Object Identification in Offline Videos

Besides real-time object identification, FindFace Multi allows for offline video processing. This functionality has a wide range of possible applications, among which the most common case is object detection and recognition in archived videos.

In this chapter:

Video File Formats

FindFace Multi supports a wide variety of file formats depending on the acceleration type (CPU or GPU).

Both CPU- and GPU-accelerated instances support all FFMPEG codecs. In addition to that, the following codecs are supported:

  • CPU-based acceleration: flv (both as a codec and as a container), h263, h264, h265, mjpeg, vp8, vp9, mpeg1video, mpeg2video, msmpeg4v2, msmpeg4v3

  • GPU-based acceleration: mjpeg, h264, h265, vp9 and others, depending on the list of codecs supported by the used video card. Apart from that, for GPU-accelerated instances the CPU-based acceleration can be enabled, thus adding flv support, which is not available by default.

Process Video File

Important

Before the video processing, the following prep work is required:

  1. Designate a camera group to which the system will attribute the object recognition events from the video. The Video archive default camera group is perfect for this task. You can also create a new camera group with basic settings specifically for this video file.

  2. Assign the designated camera group to all watch lists you want to monitor when processing the video.

video_list_en

To identify objects in an offline video, do the following:

  1. Create a video in FindFace Multi by uploading it from a file or online storage/cloud. To do so, navigate to the Videos tab.

  2. Click +.

    create_video_en

  3. Specify the video name.

    video_upload_en

  4. Specify a URL in online storage, or select a file.

  5. Click Upload.

  6. After the video is uploaded, navigate to the Parameters tab.
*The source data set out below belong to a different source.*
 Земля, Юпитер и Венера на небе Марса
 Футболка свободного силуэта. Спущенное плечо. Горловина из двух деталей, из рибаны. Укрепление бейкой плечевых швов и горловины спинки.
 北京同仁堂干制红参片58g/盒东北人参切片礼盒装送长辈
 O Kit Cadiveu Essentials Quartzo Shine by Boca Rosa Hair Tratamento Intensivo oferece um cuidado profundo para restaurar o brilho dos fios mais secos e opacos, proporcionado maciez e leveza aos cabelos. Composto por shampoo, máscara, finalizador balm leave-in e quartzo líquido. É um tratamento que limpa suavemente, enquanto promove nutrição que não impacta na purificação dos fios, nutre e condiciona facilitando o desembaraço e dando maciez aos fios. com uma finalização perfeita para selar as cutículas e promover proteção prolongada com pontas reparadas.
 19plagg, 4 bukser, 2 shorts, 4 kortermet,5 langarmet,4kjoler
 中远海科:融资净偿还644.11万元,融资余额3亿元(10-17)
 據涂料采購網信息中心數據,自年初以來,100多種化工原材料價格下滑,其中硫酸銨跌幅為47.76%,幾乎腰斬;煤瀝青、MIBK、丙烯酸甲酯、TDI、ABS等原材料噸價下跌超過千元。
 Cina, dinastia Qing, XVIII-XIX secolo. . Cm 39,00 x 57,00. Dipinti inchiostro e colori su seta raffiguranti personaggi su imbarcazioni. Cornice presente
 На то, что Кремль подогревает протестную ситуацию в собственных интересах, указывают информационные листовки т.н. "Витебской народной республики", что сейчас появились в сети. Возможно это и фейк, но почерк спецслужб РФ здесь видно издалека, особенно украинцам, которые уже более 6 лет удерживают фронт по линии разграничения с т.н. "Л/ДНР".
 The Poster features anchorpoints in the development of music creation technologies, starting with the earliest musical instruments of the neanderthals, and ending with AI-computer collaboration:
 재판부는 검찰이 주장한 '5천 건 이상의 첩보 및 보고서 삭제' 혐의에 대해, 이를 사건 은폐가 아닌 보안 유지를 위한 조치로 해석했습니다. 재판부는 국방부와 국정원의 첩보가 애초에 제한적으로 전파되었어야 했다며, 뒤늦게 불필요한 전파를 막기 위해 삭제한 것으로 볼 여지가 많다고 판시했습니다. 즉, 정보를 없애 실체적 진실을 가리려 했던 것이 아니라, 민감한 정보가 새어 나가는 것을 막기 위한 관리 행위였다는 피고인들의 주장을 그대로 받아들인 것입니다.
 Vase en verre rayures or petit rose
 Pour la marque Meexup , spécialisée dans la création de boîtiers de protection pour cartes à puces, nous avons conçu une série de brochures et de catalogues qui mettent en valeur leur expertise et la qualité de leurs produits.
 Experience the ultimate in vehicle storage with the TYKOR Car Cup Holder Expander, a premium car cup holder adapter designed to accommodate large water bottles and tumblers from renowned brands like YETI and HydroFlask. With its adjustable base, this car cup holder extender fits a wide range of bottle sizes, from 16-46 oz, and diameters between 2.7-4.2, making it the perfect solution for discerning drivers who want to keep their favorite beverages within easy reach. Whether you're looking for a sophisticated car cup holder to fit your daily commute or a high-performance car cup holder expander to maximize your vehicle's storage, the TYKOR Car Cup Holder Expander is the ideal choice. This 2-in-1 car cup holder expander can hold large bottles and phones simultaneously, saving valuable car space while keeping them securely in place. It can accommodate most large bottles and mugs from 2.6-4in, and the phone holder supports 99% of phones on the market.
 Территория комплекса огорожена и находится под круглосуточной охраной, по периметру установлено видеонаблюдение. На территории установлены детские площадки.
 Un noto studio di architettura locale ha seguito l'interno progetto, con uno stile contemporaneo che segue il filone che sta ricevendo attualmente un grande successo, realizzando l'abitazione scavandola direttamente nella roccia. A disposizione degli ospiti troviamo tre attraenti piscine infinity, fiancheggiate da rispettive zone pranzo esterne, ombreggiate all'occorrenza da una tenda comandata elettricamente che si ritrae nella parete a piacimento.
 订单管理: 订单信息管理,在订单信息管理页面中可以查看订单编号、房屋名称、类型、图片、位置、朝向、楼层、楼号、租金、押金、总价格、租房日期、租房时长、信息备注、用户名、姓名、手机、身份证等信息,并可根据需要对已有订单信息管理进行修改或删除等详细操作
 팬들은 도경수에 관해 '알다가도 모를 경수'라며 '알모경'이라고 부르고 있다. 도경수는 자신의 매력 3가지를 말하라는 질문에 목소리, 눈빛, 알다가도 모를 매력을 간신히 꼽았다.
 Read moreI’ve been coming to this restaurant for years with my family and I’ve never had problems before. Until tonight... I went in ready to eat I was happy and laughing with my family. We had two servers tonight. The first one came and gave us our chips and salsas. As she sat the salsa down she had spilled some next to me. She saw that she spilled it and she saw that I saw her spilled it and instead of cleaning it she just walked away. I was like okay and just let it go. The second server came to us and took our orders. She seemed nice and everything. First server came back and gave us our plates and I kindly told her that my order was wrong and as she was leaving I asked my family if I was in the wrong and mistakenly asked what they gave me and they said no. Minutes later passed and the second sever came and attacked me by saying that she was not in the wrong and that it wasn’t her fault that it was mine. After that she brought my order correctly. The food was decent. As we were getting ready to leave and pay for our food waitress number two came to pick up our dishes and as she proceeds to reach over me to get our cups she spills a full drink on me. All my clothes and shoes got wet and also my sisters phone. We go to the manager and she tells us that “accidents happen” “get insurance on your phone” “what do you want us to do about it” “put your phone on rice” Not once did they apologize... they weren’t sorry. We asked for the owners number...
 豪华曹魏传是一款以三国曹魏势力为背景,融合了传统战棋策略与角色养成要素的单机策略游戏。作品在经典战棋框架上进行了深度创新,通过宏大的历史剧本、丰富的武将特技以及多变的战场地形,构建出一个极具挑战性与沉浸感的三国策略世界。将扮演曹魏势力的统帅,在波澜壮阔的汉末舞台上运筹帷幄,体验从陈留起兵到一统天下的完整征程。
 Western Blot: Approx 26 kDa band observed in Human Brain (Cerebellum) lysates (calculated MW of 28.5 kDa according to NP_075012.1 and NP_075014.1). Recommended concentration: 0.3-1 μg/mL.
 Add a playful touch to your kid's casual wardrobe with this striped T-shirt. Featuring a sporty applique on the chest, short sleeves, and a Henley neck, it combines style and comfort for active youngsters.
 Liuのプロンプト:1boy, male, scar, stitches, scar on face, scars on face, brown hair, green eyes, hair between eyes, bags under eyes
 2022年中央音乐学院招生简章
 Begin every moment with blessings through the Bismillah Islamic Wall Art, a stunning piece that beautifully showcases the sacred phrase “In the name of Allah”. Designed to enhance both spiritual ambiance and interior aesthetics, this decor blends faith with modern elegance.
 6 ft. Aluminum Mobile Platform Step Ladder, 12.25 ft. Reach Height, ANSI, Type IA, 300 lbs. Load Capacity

Specify parameters of video processing:

    video_parameters_en

    • Indicate the camera group you have designated prior. (Optional) Select a camera within that camera group to tag the object recognition events from this video more precisely.

    • Configure the timestamps for object recognition events.

  7. On the Advanced tab, fine-tune the video processing:

    video_advanced_en

    • Check detectors that you want to enable for this video: faces, bodies, cars & ALPR.

    • If needed, change the video orientation.

    • Timeout in ms: Specify the timeout in milliseconds for posting detected objects.

    • FFMPEG format: Pass FFMPEG format (mxg, flv, etc.) if it cannot be detected automatically.

    • FFMPEG parameters: FFMPEG options for the video in the key-value format, for example, [“rtsp_transpotr=tcp”, “ss=00:20:00”].

    • Play speed limit: If less than zero, the speed is not limited. In other cases, the stream is read with the given play_speed.

    • Imotion threshold: Minimum motion intensity to be detected by the motion detector.

    • Verify SSL: Check to enable verification of the server SSL certificate when the object tracker posts objects to the server over https. Uncheck the option if you use a self-signed certificate.

  8. On the Analytics tab, specify settings for each object type detector.

    video_analytics_en

    • Minimum object snapshot quality: Minimum quality of an object snapshot to post. Do not change the default value without consulting with our technical experts (support@ntechlab.com).

    • Minimum object size: Minimum object size in pixels to post.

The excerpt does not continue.